# EXERCISE DETAILS:
In the records below, find the line with "Após conversarmos sobre", then retype it and every following line exactly, stopping after the line with "[PEAT POTS SET]". Leave the pictures out.

# ENTRIES PROVIDED:
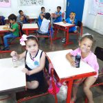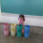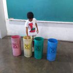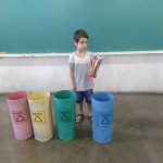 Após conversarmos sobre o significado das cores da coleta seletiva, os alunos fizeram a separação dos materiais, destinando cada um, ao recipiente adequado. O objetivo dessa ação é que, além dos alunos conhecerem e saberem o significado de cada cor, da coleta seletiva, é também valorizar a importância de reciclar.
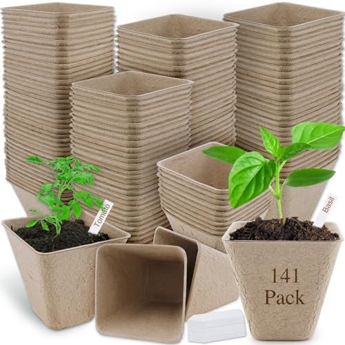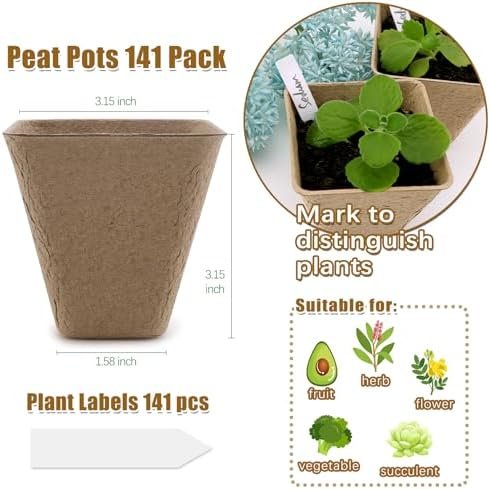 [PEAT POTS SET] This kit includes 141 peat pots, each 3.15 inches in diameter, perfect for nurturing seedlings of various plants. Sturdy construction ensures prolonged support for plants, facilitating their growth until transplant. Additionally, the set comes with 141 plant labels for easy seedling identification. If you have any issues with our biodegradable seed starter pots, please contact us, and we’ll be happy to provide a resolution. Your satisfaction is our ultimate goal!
* * *
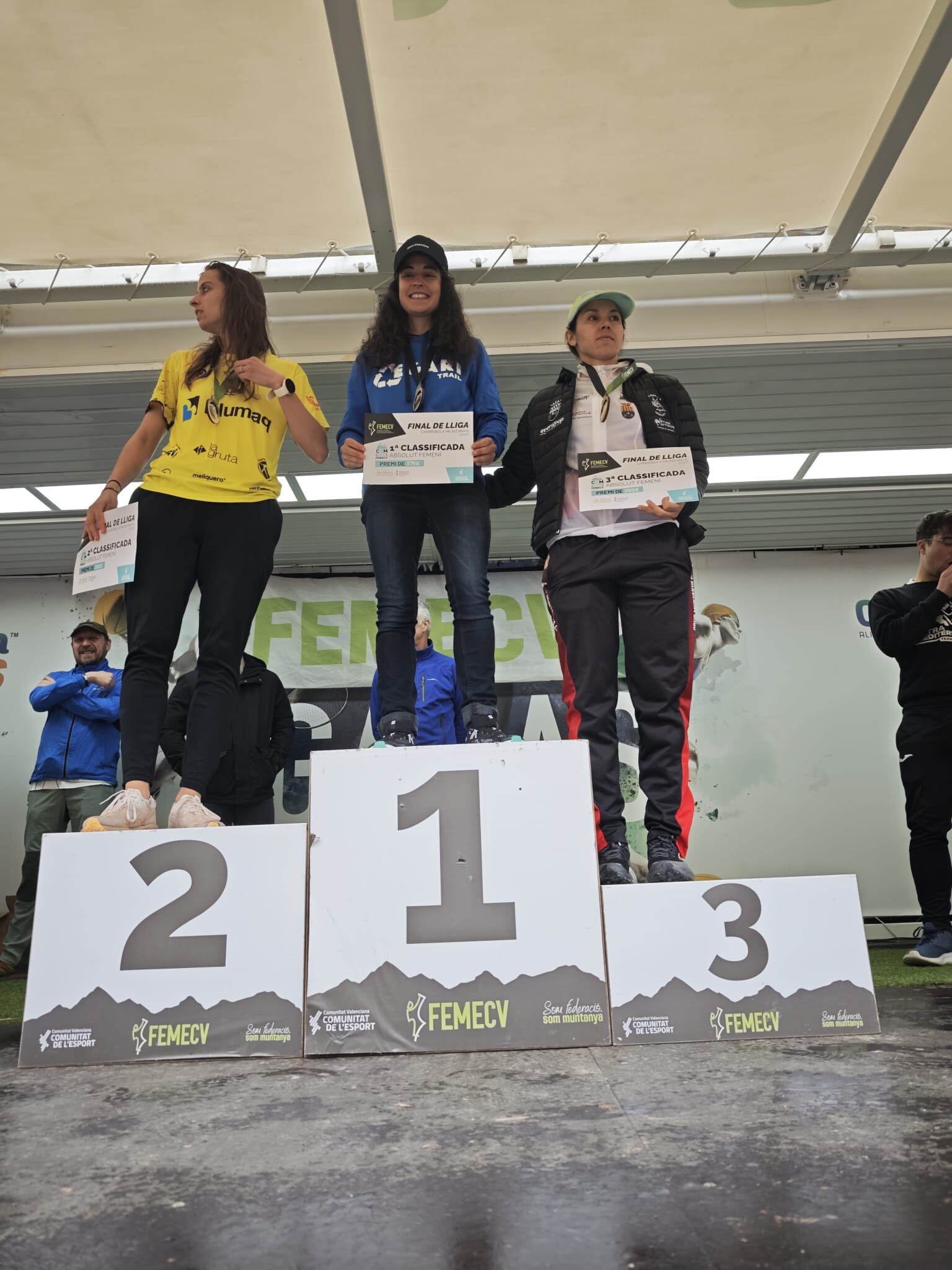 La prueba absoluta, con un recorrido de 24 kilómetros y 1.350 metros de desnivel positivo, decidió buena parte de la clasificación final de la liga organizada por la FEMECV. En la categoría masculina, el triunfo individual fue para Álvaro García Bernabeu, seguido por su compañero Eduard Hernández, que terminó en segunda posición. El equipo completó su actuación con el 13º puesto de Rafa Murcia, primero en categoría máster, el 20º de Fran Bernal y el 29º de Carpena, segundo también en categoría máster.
==
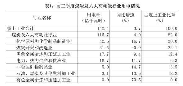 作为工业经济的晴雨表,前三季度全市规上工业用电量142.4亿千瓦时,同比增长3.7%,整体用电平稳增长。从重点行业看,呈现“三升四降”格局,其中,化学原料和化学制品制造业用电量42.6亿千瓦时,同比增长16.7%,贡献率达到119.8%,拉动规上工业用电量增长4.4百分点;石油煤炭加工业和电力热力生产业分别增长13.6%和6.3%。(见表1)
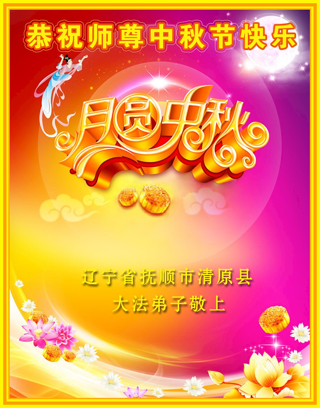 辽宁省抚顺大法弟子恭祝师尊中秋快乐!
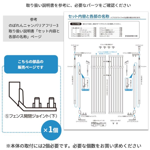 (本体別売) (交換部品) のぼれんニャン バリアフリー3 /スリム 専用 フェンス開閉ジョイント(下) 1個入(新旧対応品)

# EXERCISE OUTPUT:
 Após conversarmos sobre o significado das cores da coleta seletiva, os alunos fizeram a separação dos materiais, destinando cada um, ao recipiente adequado. O objetivo dessa ação é que, além dos alunos conhecerem e saberem o significado de cada cor, da coleta seletiva, é também valorizar a importância de reciclar.
 [PEAT POTS SET] This kit includes 141 peat pots, each 3.15 inches in diameter, perfect for nurturing seedlings of various plants. Sturdy construction ensures prolonged support for plants, facilitating their growth until transplant. Additionally, the set comes with 141 plant labels for easy seedling identification. If you have any issues with our biodegradable seed starter pots, please contact us, and we’ll be happy to provide a resolution. Your satisfaction is our ultimate goal!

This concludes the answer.